DIRECTIONS FOR THIS TASK — From the line containing "포만감 유지에 좋아요." to the end of the data, retype every line exactly and nothing else. Drop the pictures.

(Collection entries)
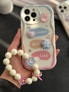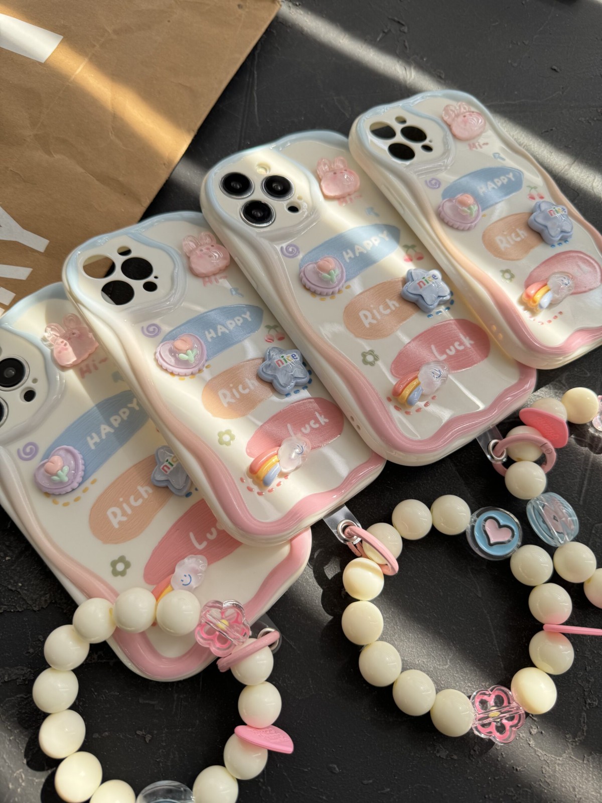 قاب موبایل آیفون خرگوش ستاره خوش شانس رنگ پاستیلی + بند ست
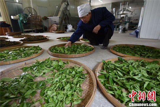 图为4月15日,工人在广西三江侗族自治县良口乡和里茶厂将野生茶叶进行摊青。 杨明 摄
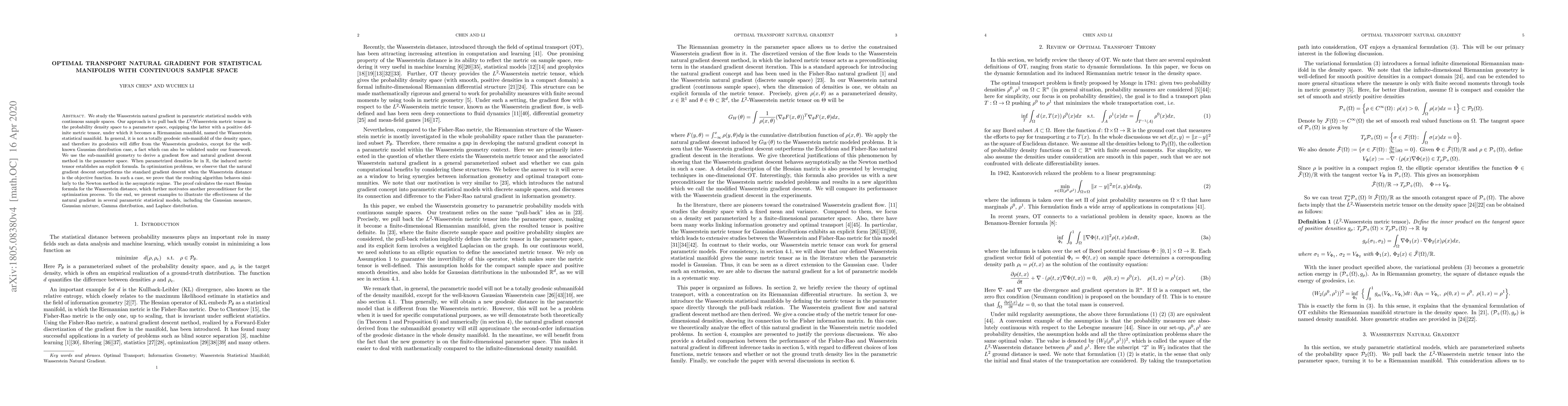 Researchers develop a method to optimize statistical models with continuous sample spaces using the Wasserstein natural gradient, outperforming traditional gradient descent in many cases, and demonstrating behavior similar to Newton's method in the asymptotic regime.
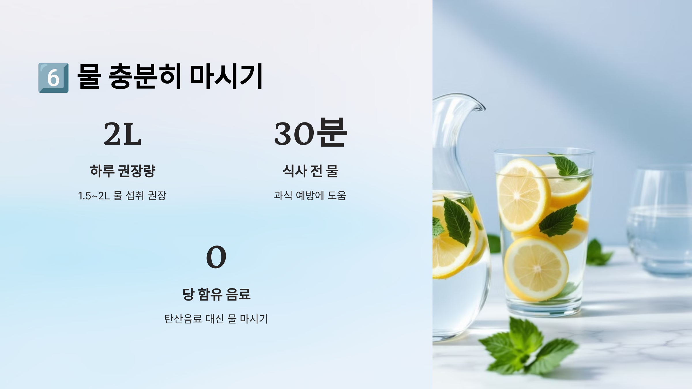 👉 식사 30분 전에 한 컵의 물을 마시면 포만감 유지에 좋아요.
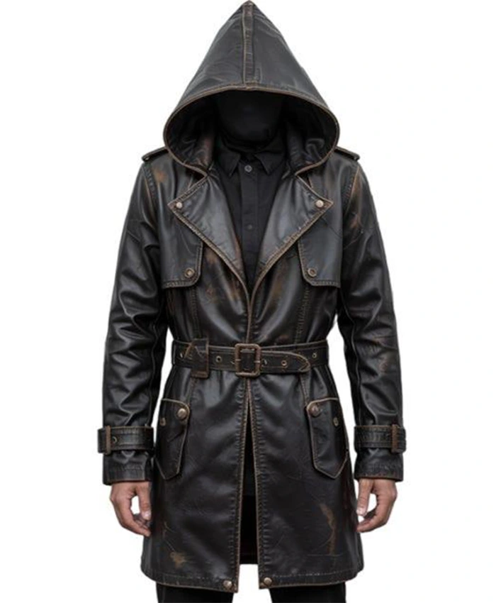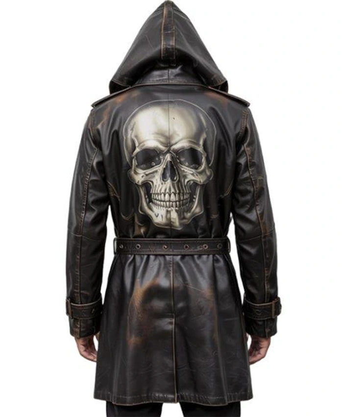 Halloween Skull Trench Coat – Gothic Hooded Leather Jacket
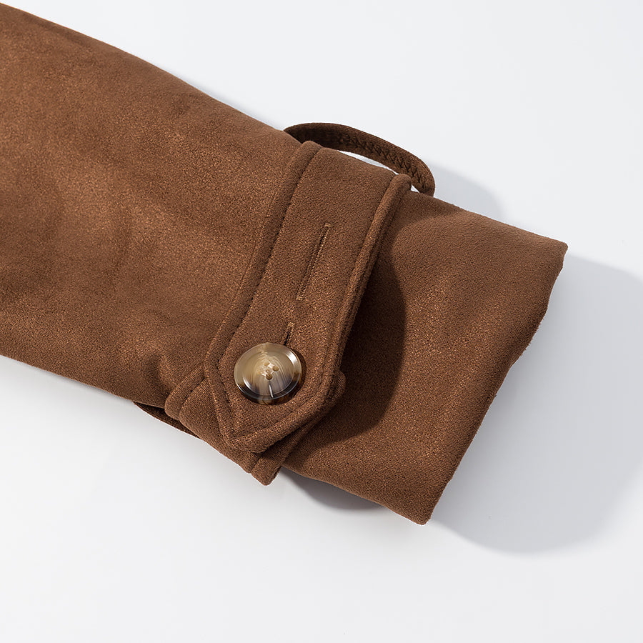 - Notched lapel collar: The notched lapel suede trench coat women adore for its elegant neckline and refined structure.

ANSWER TO THIS PROBLEM —
 👉 식사 30분 전에 한 컵의 물을 마시면 포만감 유지에 좋아요.
 Halloween Skull Trench Coat – Gothic Hooded Leather Jacket
 - Notched lapel collar: The notched lapel suede trench coat women adore for its elegant neckline and refined structure.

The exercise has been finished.